Courtesy Fiona Fairbairn

However don’t underestimate these brazen broads: Whereas the garments and angle pay homage to the times of Playboy’s Holly Madison, these self-proclaimed bimbos have far more than air between their ears.

“I think a lot of people really underestimate the true intelligence that I have,” Chlapecka, who constructed her TikTok bimbo dynasty practically two years in the past, stated. “My intelligence comes from emotional intelligence, connection and being able to communicate and talk to people the way they deserve to be…I think that can totally get overlooked.”

Chrissy Chlapecka in sparkly dress
Chlapecka offers with damaging feedback by means of jokes, not caring how individuals understand her as a bimbo.
Courtesy Chrissy Chlapecka

The term “bimbo” hasn’t always been so comforting – see the “holy Trinity” of social pariahs Paris Hilton, Lindsay Lohan and Britney Spears throughout their “Bimbo Summit” heyday simply over a decade in the past.
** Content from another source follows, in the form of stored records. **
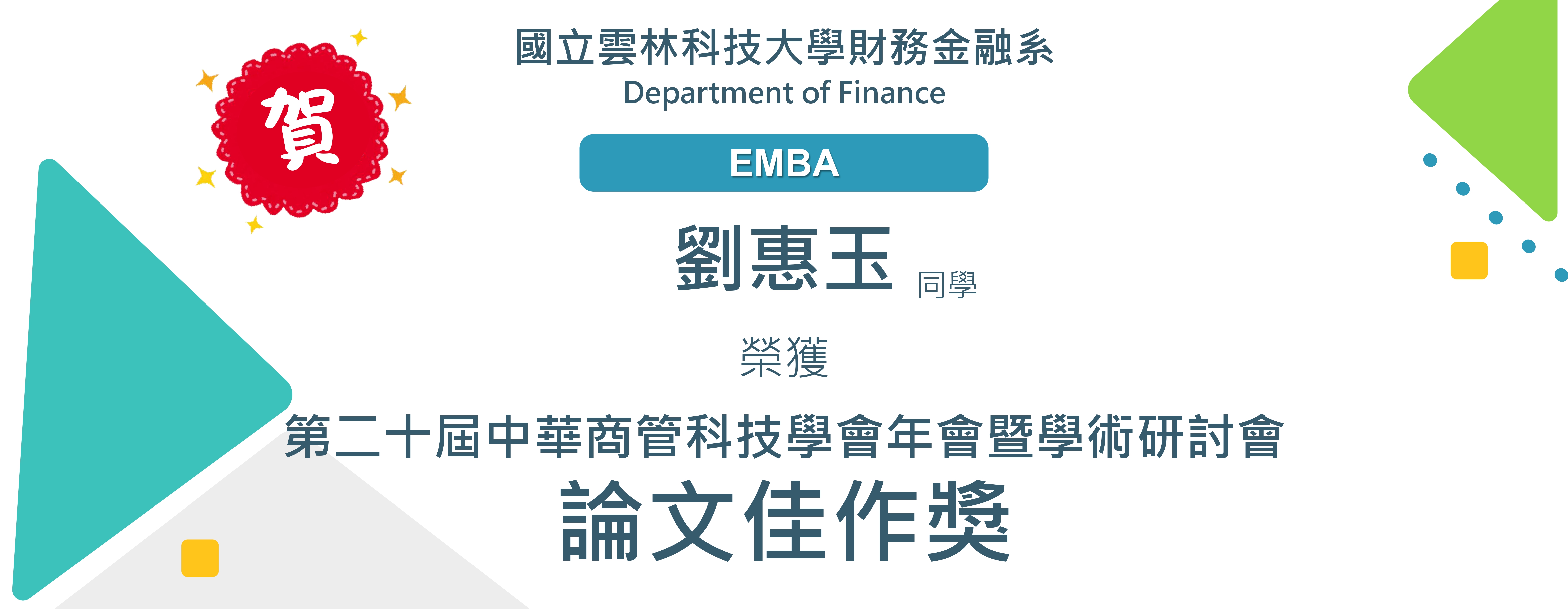賀!財金系EMBA碩班劉惠玉同學榮獲第二十屆中華商管科技學會年會暨學術研討會 論文佳作獎
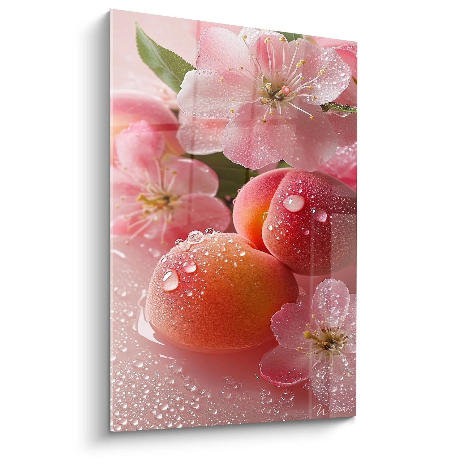 Chaque détail de ce tableau est soigneusement travaillé pour éveiller vos sens : la texture veloutée des pêches, la pureté des gouttes d’eau immobiles, le rose délicat des fleurs de cerisier qui semblent palpiter de vie. Vous pouvez presque sentir la fraîcheur humide, la douceur fragile d’un instant suspendu entre rêve et réalité. Cette harmonie visuelle crée une atmosphère apaisante et raffinée, parfaite pour sublimer les espaces consacrés aux plaisirs culinaires et à la convivialité.
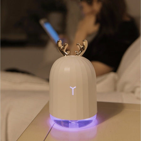 MistAura - Sød gevirformet luftfugter med blødt lys for et hyggeligt og forfriskende rum
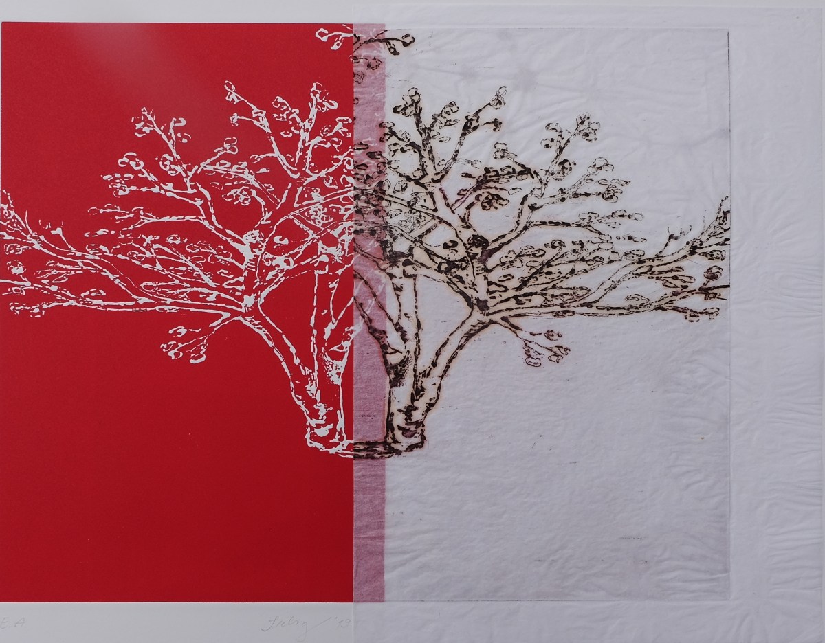 Im Garten Im Garten – IIa Druckgrafik, 2019, E.A. Reservage, Druckplatte 40 x 30 cm, Hochdruck/Tiefdruck 210g Zerkall Druckpapier 65 x 50 cm, Japanpapier 21 x 30 cm
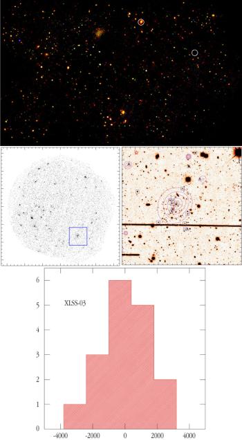 Em cima: a primeira imagem obtida pelo XMM-LSS Survey, composta por 14 frames individuais, cobre uma área no céu 8 vezes superior à Lua cheia, e contém 25 aglomerados de galáxias. Os círculos indicam os aglomerados anteriormente identificados em 1991 pelo ROSAT All-Sky Survey. No meio à esquerda: localização (assinalada pelo quadrado) de um possível aglomerado. No meio à direita: contornos da emissão em raios-X do aglomerado identificado à esquerda sobreposta numa imagem obtida pelo CFHT. Em baixo: distribuição de velocidades (expressas em km/s) das galáxias desse aglomerado, designado por XLSS-03.
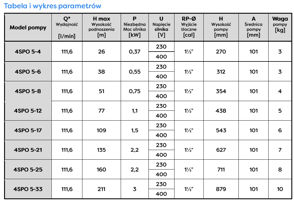 Parametry pomp pochodzą z materiałów opublikowanych przez producenta oraz z wyników pomiarów na stacji prób, którą dysponuje nasz serwis.
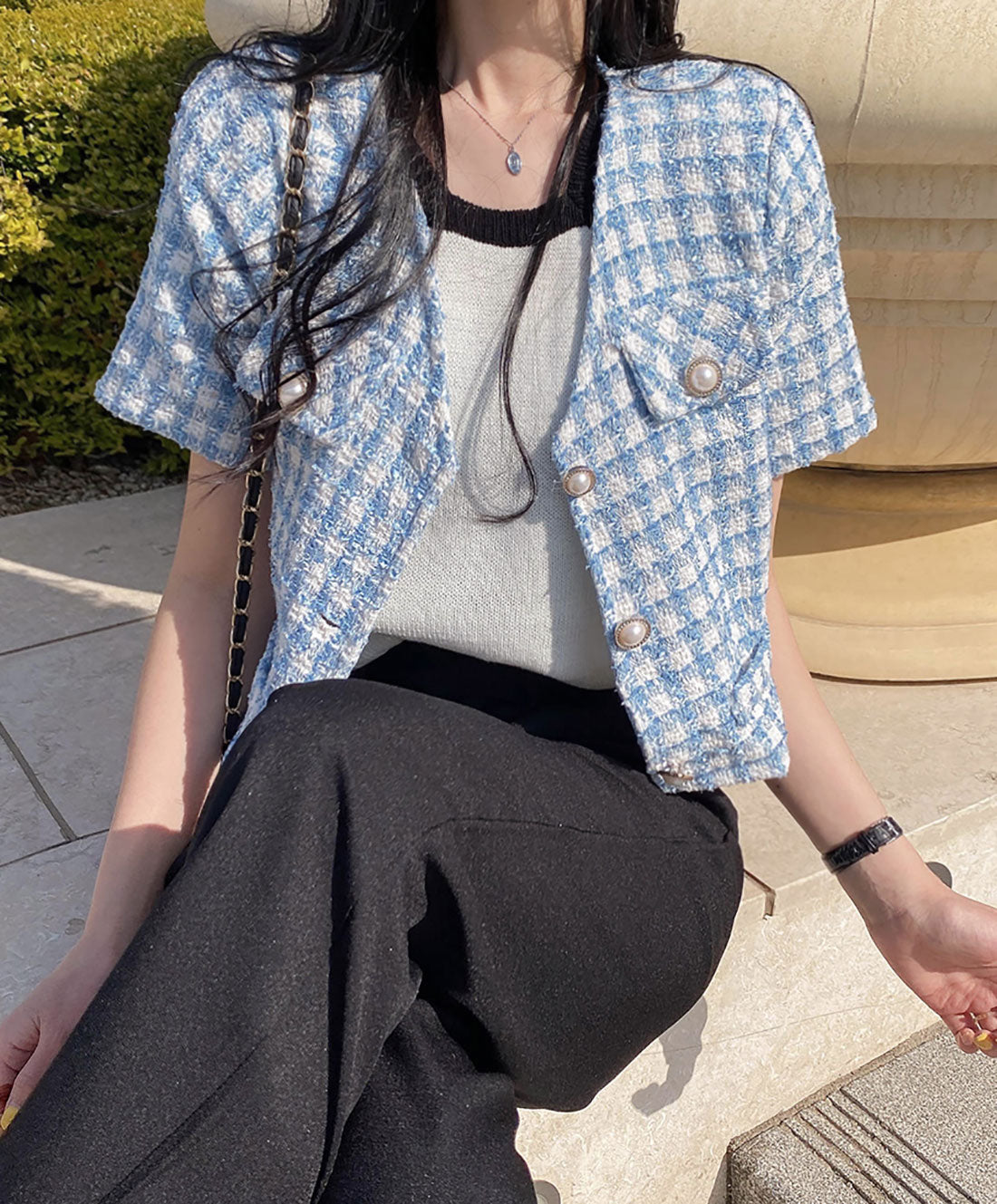 レディストックコリアンニッチシックパールボタンカーディガントップスモールフレグランススタイル半袖チェック柄ショートジャケット

Whereas the pattern percolated in 2017 when grownup star Alicia Amira based The Bimbo Movement to empower girls, these Gen Z gals, who got here to maturity in a post-#MeToo world, are binging it mainstream as soon as once more — and are hell-bent on altering notion as soon as and for all.

“It’s reclaiming hyper-femininity to not be seen as something that is inherently or innately vapid and something that should be looked down upon,” stated Syrena, who goes by her username FauxRich.
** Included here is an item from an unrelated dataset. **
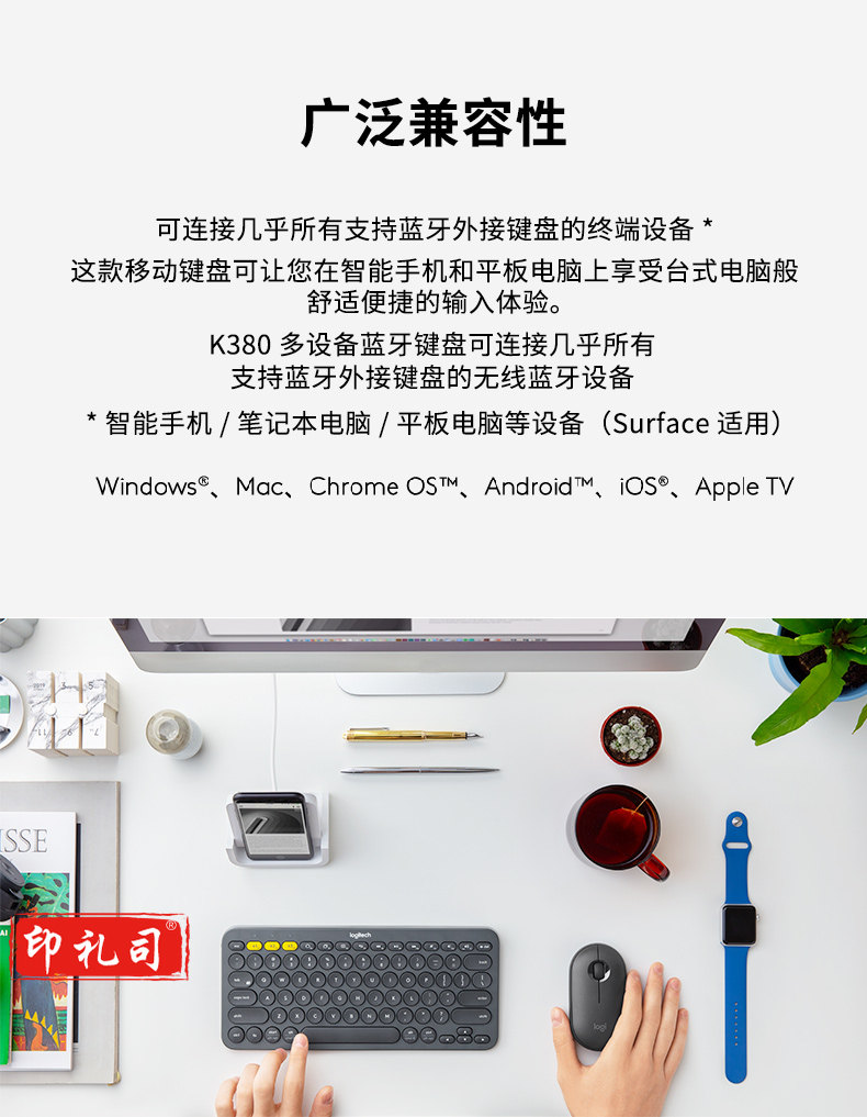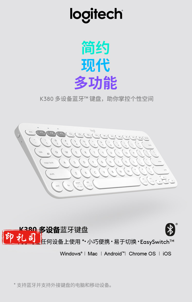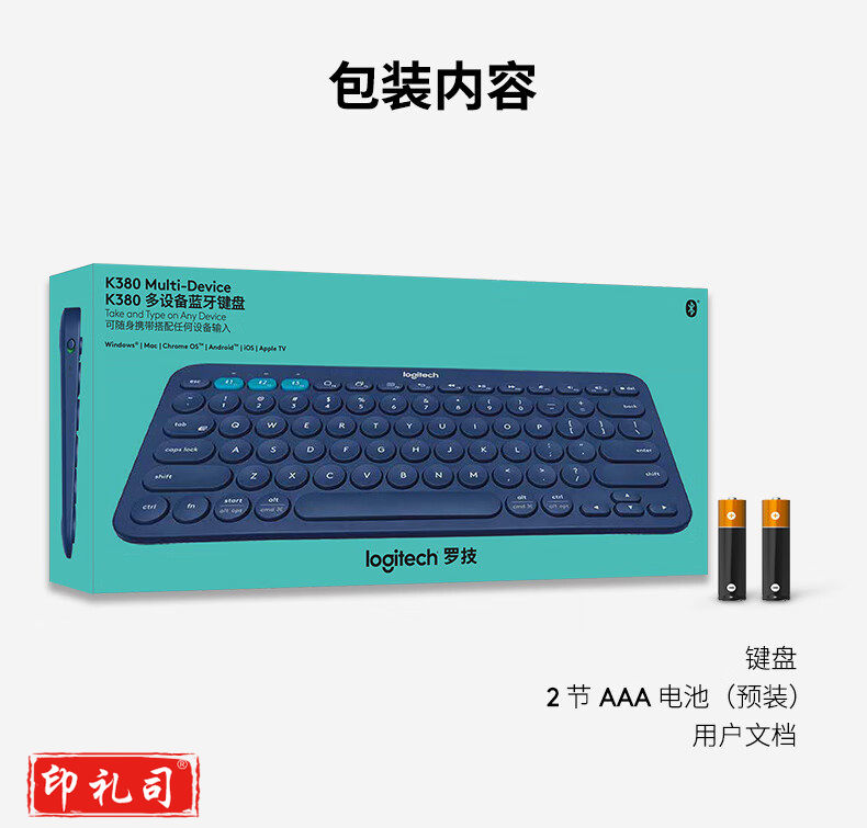 罗技(Logitech)K380 键盘 蓝牙键盘 蓝色

Syrena, who boasts over 122,000 followers on TikTok, stated that being a girly woman is usually “looked down upon as something that’s just so frivolous and stupid,” however she chalks all of it as much as systemic “misogyny.”

Britney Spears, Lindsay Lohan and Paris Hilton on the evening of the "Bimbo Summit" in 2006.
Britney Spears, Lindsay Lohan and Paris Hilton on the night of the “Bimbo Summit” in 2006.
BEN/DEAN/GABO/BAUER-GRIFFIN.COM

“To reclaim that is powerful,” the 23-year-old stated.

Regardless of being enrolled in accelerated programs in highschool, Syrena stated individuals used to make enjoyable of her voice for sounding “stupid.” However “ridding herself of the shackles” changing into a self-proclaimed bimbo and ridding of the notion of what makes somebody “smart” gave her liberation.

“As I’ve evolved into more of an adult woman, I dressed like what makes me feel really comfortable and what inherently makes me look at myself in the mirror and go like, ‘Oh, yeah, I would totally date myself,’” stated Syrena.

Syrena
Syrena, often known as FauxRich on social media, was bullied for the way her voice sounded.
Courtesy Syrena

The negativity surrounding bimboism is one thing Chlapecka is conversant in, too, however she takes the stigma in stride, even making reaction videos to their “funny” remarks.

“[They’re] just people who are angry at somebody who is openly queer and openly loving themselves and being a bimbo,” Chlapecka stated. “Wearing the outfits I do makes me feel like the most authentic, beautiful version of myself.”

“They’re just mad at that person, me, for existing,” she added.

Fairbairn ignores the noise, although, and strides with satisfaction as a bimbo.

“I just realized [when you’re] focusing on yourself and being your best self and being the hottest version of yourself,” she stated, “you don’t have enough time to think about what other people are thinking about you.”